It’s a crash course in LGBTQIA culture, part forum, part confessional – that is, if you’re ready to share.
LGBTWho (presented by the charming Tee-Ball Ticket Theatre) is both a scripted work and a straightforward discussion, aiming to open the lines of communication around LBGTQIA experiences and issues. The format is fairly open; several topics are immediately presented on entry and we are asked to choose their order – followed by “confessions” from the cast (each one based on real survey responses). Preoccupied mostly with the experiences of youth – coming out, crushes, and first kisses taking center stage – to its credit it does avoid oversimplifying the LGBTQIA spectrum; explorations of heteronormativity, bi and asexuality expand the work’s function and credibility.

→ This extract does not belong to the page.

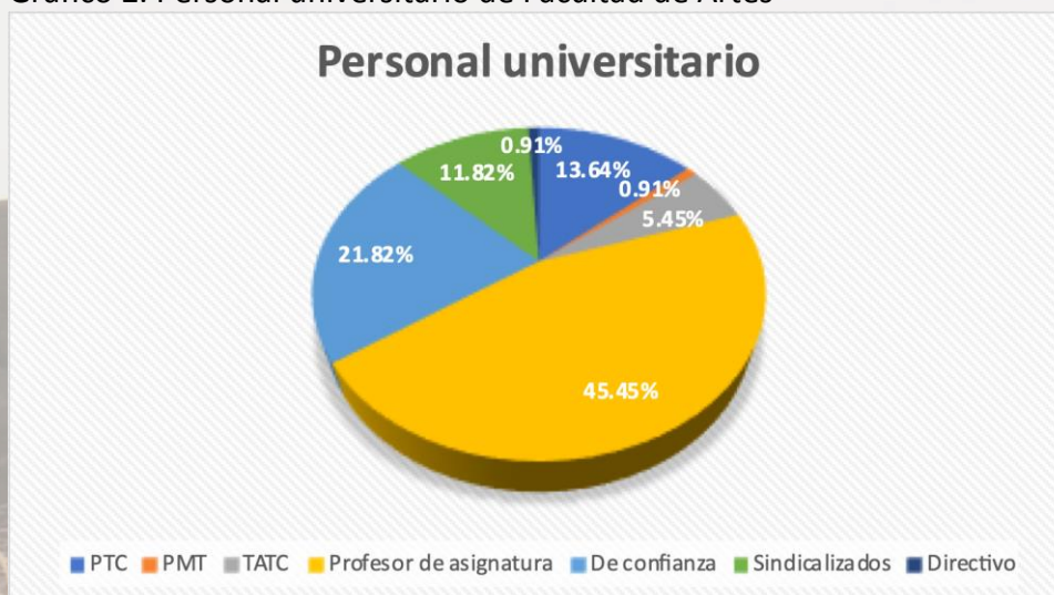
Gráfico 2. Personal universitario de Facultad de Artes

It’s a “safe space” where anything is up for discussion and nobody can judge, but this also proves to be a weakness. Overly reliant on audience participation, what starts as a request for volunteers quickly turns to pleading, prompting mostly nervous looks from the crowd (though i’m told the audience present on the night I visited was the least forthcoming of the current run). Luckily it’s not all talk – projected images, faux-drag contests, and overviews of gay history give plenty of room for creativity but never seem fully utilised and, combined with the whitewashed-office vibe of the location (Teneriffe’s Bright HQ) give the performance the airs of a instructional seminar, stiff and overlong; so often is the work tied up in remaining true to the source material that it forgets to engage and entertain. The focus on spoken word is clear, and props are otherwise minimal – cardboard cutouts used are charming but only add to the feeling of being stuck in a classroom.

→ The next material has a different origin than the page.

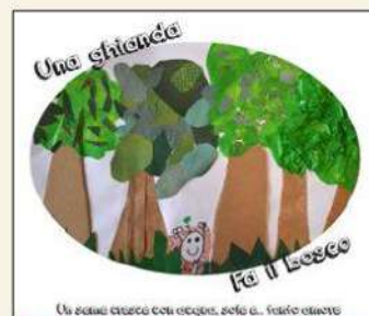
Un bosco cresce con acqua, sole e... fatto umano Sezione 5 anni Lupetti gialli, Scuola dell'Infanzia San Giuseppe

I have to give credit where it’s due – the casts’ comedic and engaging performances are the work’s saving grace. Though played out in a sometimes juvenile fashion, they’re still greatly entertaining to watch and, considering the origin of the script, never mocking. The highlight – a powerful confessional scene from a transgender character, truly riveting, though events leading up to this moment are an awkward departure from the jovial mood of the show and feel over-planned.
Perhaps an important work for the young and impressionable (though at risk of being superseded by, say, google), holding some interest to the curious or those simply new to the LGBTQIA world – or else, anyone who has a good story to tell, a confession to get off their chest.
Reviewed by Jason Lomas
This review is based on the reviewer’s experience of the performance on May 17.